#### [Exercise prompt]
Give exactly the lines from the one with "截断策略迭代算法(Truncated Policy Iteration" through the final line of the listing below, both included, leaving out any pictures.

#### [Information shown]
----

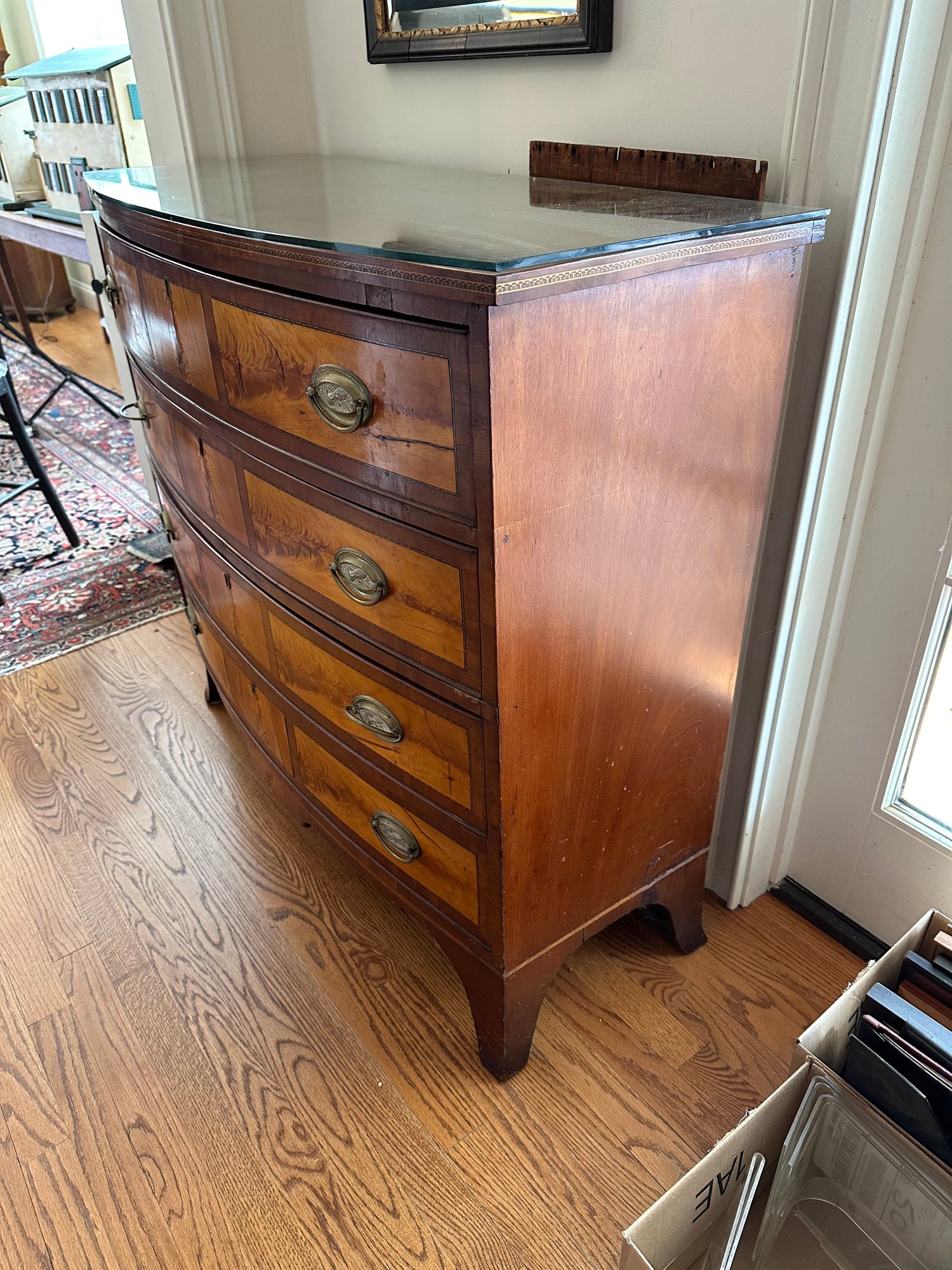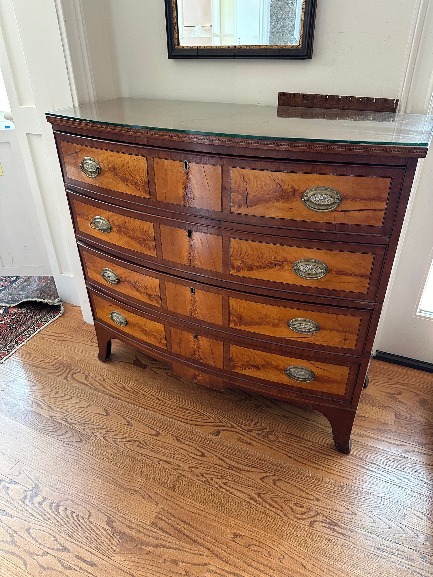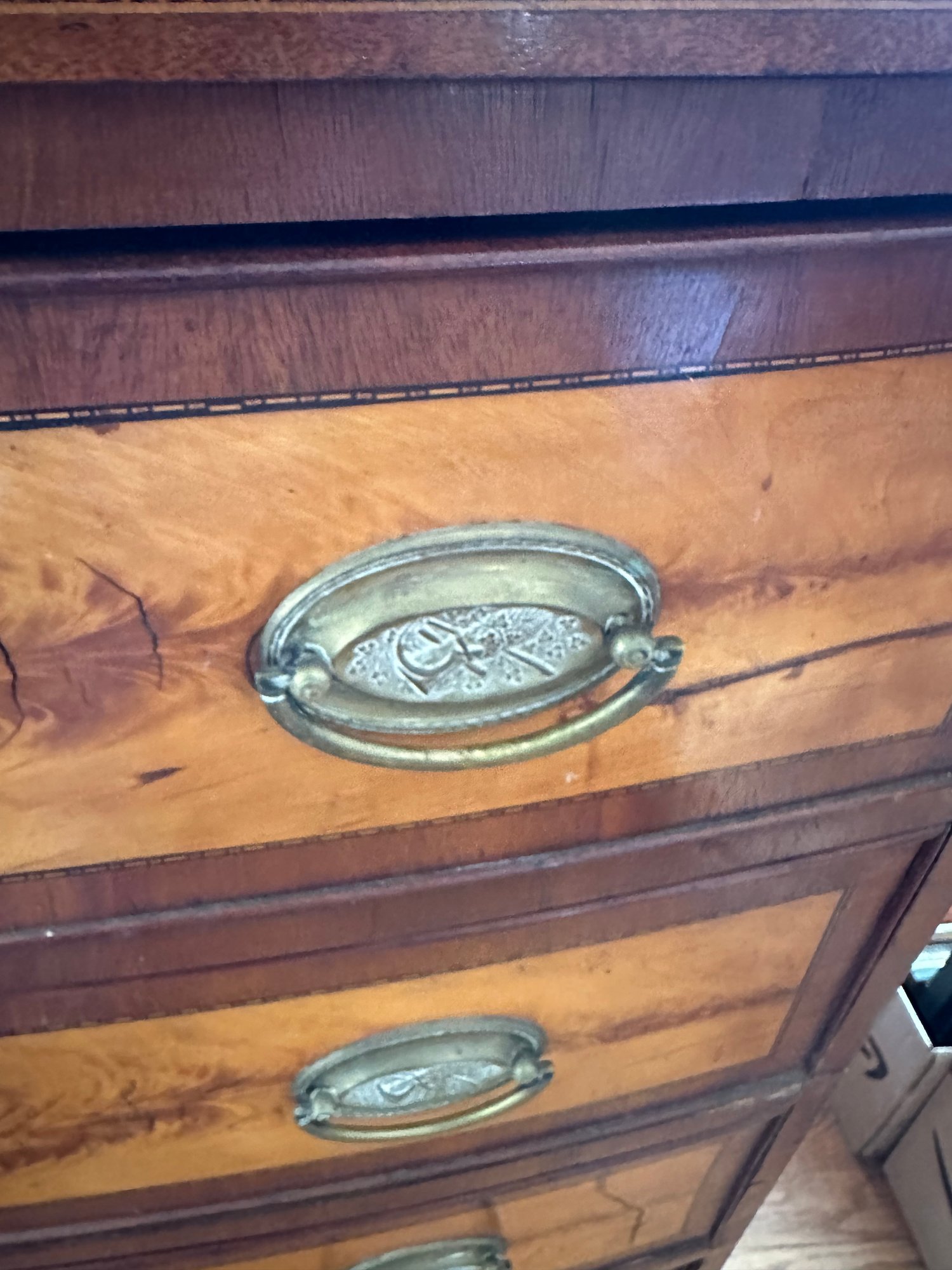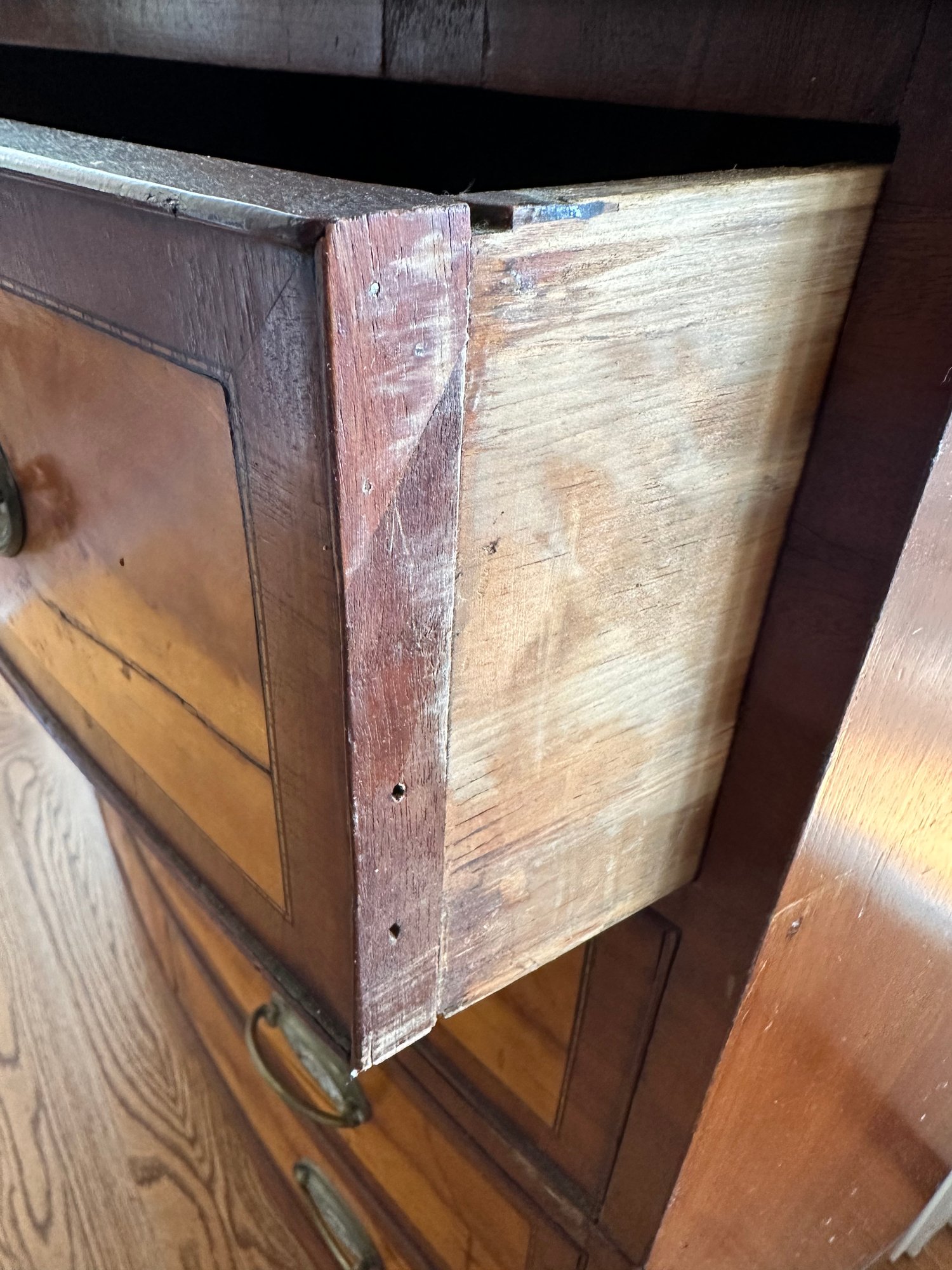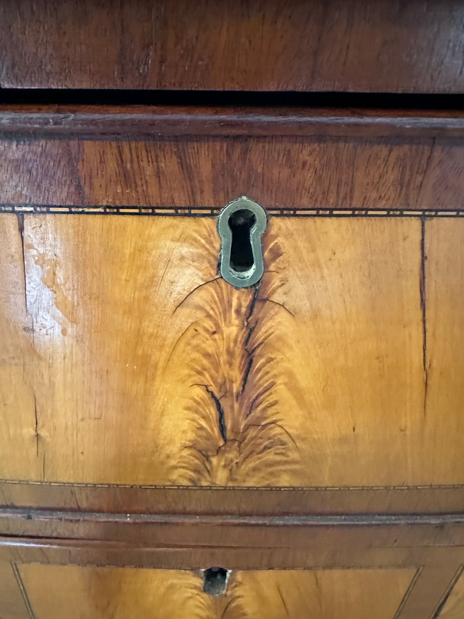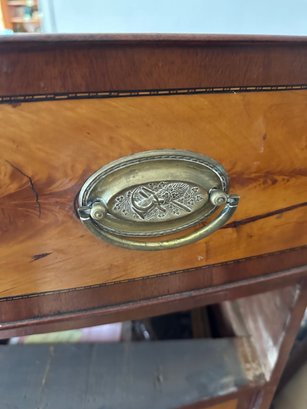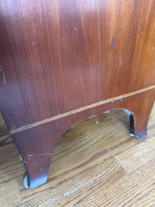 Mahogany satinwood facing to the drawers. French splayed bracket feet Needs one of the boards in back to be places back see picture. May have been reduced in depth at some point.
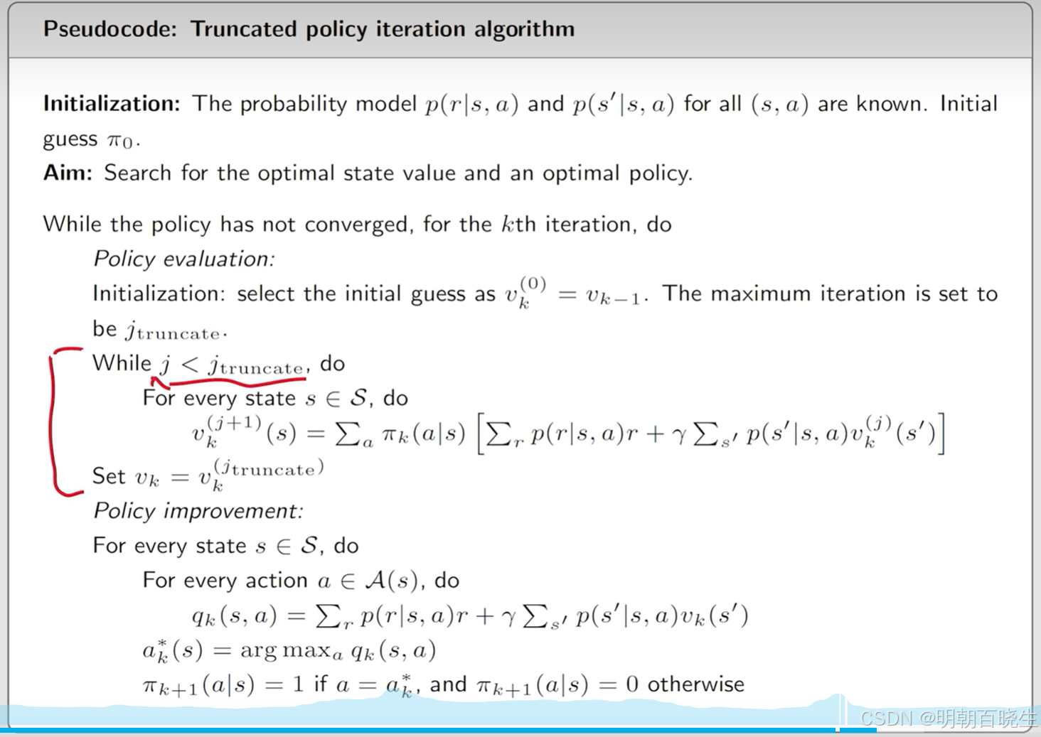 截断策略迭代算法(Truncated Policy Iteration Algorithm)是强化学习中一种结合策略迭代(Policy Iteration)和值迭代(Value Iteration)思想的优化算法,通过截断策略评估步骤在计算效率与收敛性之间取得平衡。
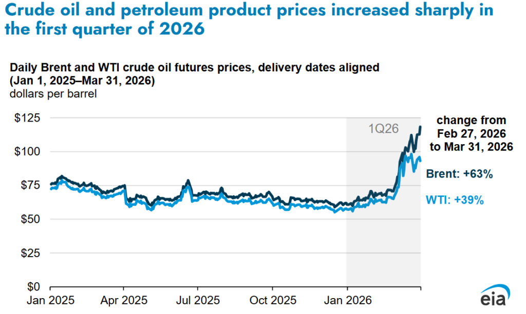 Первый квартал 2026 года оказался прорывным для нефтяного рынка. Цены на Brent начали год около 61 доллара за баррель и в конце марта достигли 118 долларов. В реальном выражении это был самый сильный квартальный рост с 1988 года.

----

#### [Solution to this exercise]
 截断策略迭代算法(Truncated Policy Iteration Algorithm)是强化学习中一种结合策略迭代(Policy Iteration)和值迭代(Value Iteration)思想的优化算法,通过截断策略评估步骤在计算效率与收敛性之间取得平衡。
 Первый квартал 2026 года оказался прорывным для нефтяного рынка. Цены на Brent начали год около 61 доллара за баррель и в конце марта достигли 118 долларов. В реальном выражении это был самый сильный квартальный рост с 1988 года.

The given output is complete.